NESA wants you to select the right test for each component of fitness, justify it in terms of validity, reliability and accuracy, weigh field tests against laboratory tests, interpret results against normative data, and then use the data to set a baseline and prescribe training. This is a scientific-investigation and data-handling sub-topic, so the marks live in the reasoning about the numbers, not in just naming a test.

In plain English

A fitness test is just a fair, repeatable way to put a number on how fit someone is at one thing - their running endurance, their jump height, how bendy they are. Two ideas decide whether the number is any good. Validity asks: is this test actually measuring the thing I care about? (Timing a sprint tells you about speed, not flexibility.) Reliability asks: if I did it again tomorrow, would I get nearly the same number? (Only if the conditions are the same each time.)
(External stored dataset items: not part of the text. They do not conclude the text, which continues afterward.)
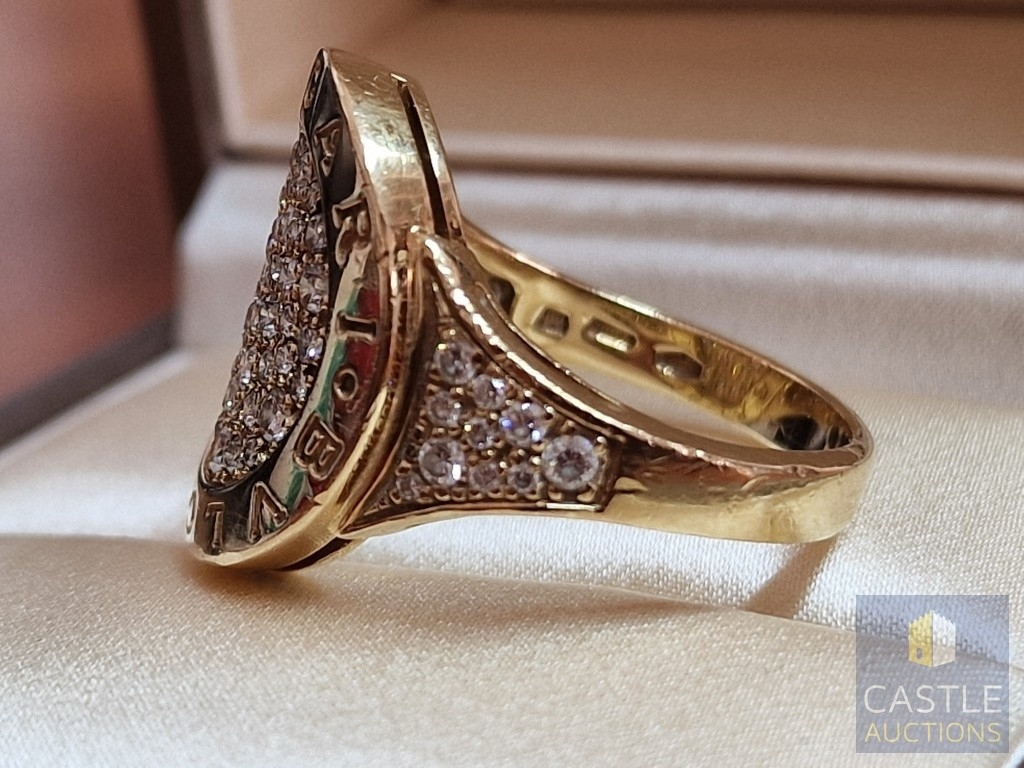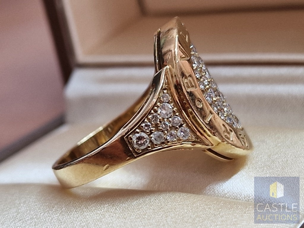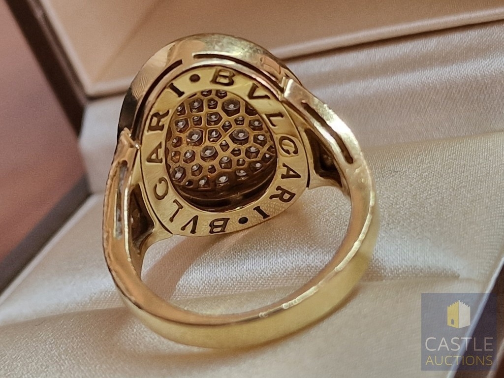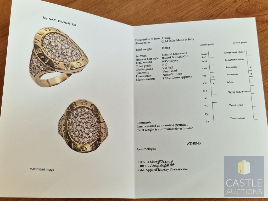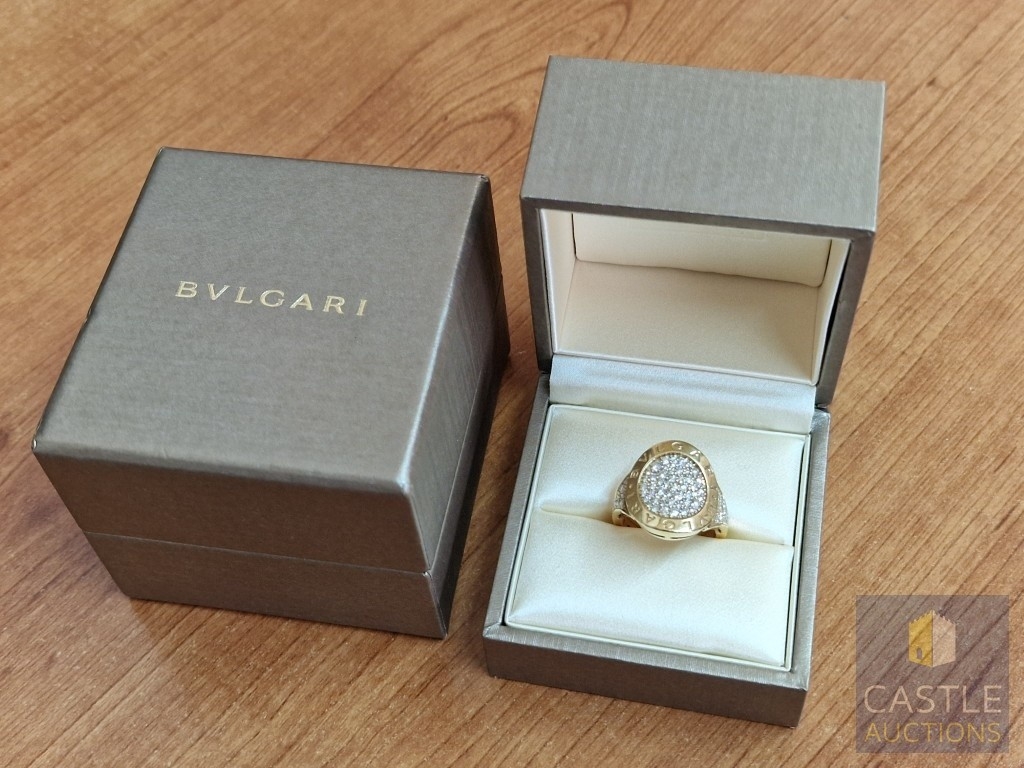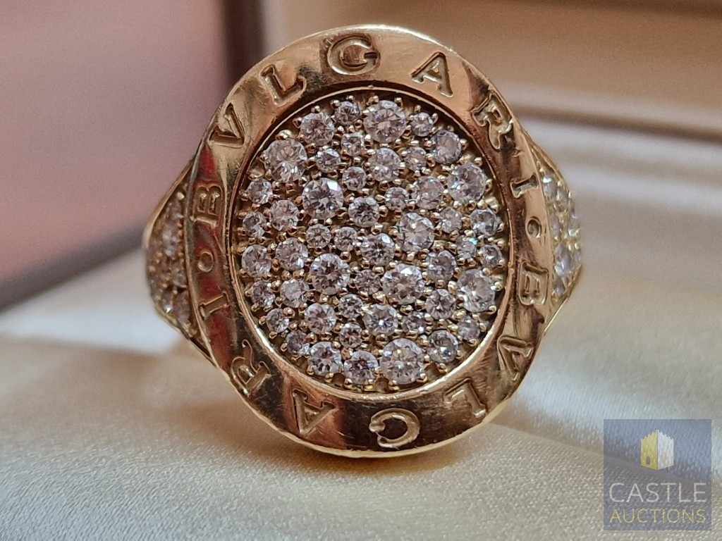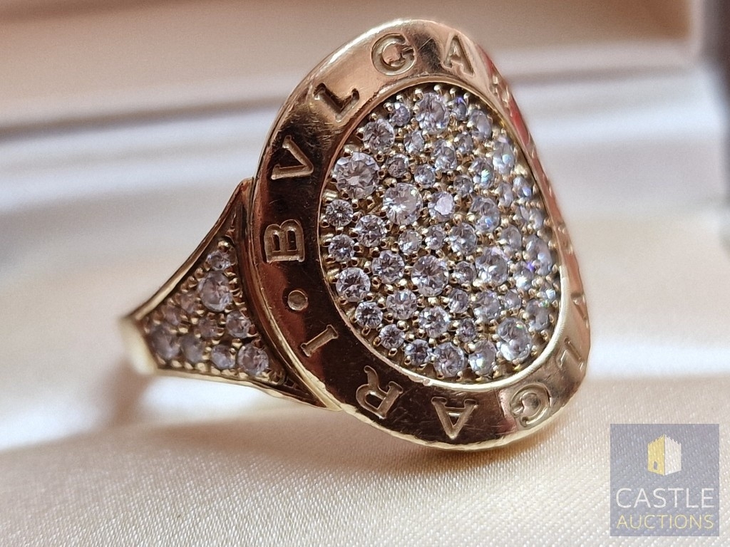 Stunning BVLGARI 18ct Gold & Pave Set Diamond Ring; The Central Curved Oval Shape Motif is Pave Set with Diamonds and Bordered by 'BVLGARI • BVLGARI' Designer Brand Name, with Further Diamond Set Shoulders, Made in Italy, (Approx. Size: P, Total Weight: 12g, 69 x Round Brilliant Cut Diamonds Circa 0.95tcw, VS1/VS2, Colour F-G), Together with Gemologists Appraisal
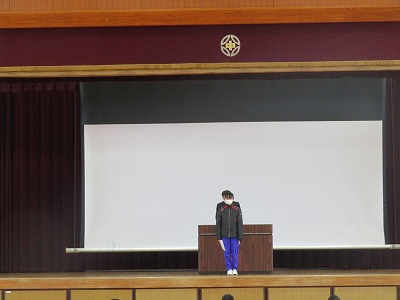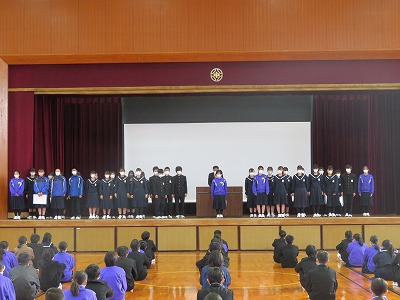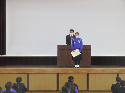 最初の「伝達表彰」では、市給食コンクールと生徒指導標語コンクール、さらに吹奏楽部が参加した海部・西尾張地区のアンサンブルコンクールの結果が披露されました。
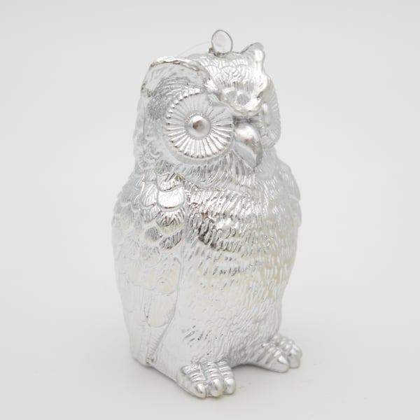 Plastična srebrna figurica u obliku sove.
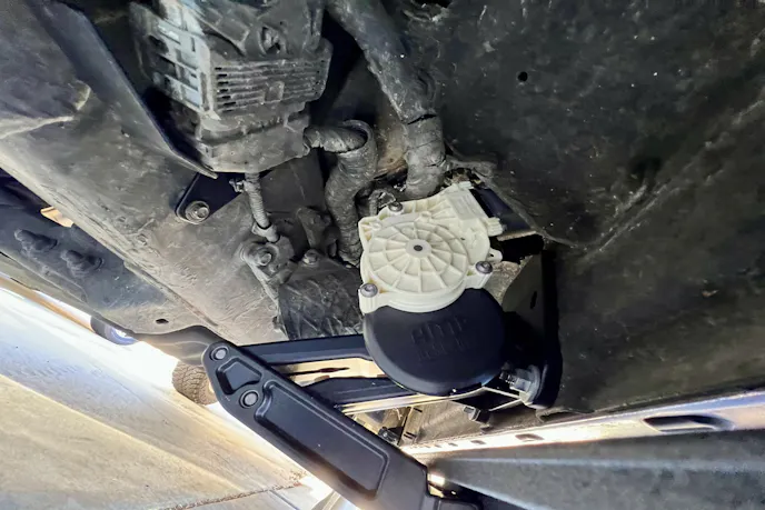 Here you can see one of the motor linkages installed on our truck. There’s no drilling involved to install the motor linkage or the non-motorized idler linkage because they use factory studs. Tip: There may be paint buildup on the factory studs, which will require cleaning before assembly. A wire wheel or thread repairing die will remove this buildup.

Think of it like weighing yourself. A scale that always reads the same is reliable; a scale that reads your true weight is valid and accurate. A broken scale can be reliable (it always says 60 kg) but useless if your true weight is 70 kg.

You also choose WHERE to test. A field test (like the beep test on a court) is cheap, quick and you can do a whole team at once - but it only estimates fitness. A laboratory test (a VO2max machine) is dead accurate but slow, costly and one person at a time. Once you have a trustworthy number, you compare it to a chart of typical scores for that age, find the athlete's weak spot, and train it - then test again to see if it worked.

The answer

Good testing is a chain: pick a valid test, run it reliably, rate it against normative data, set a baseline, prescribe to the weakest component, then re-test. Get any link wrong and the data misleads you.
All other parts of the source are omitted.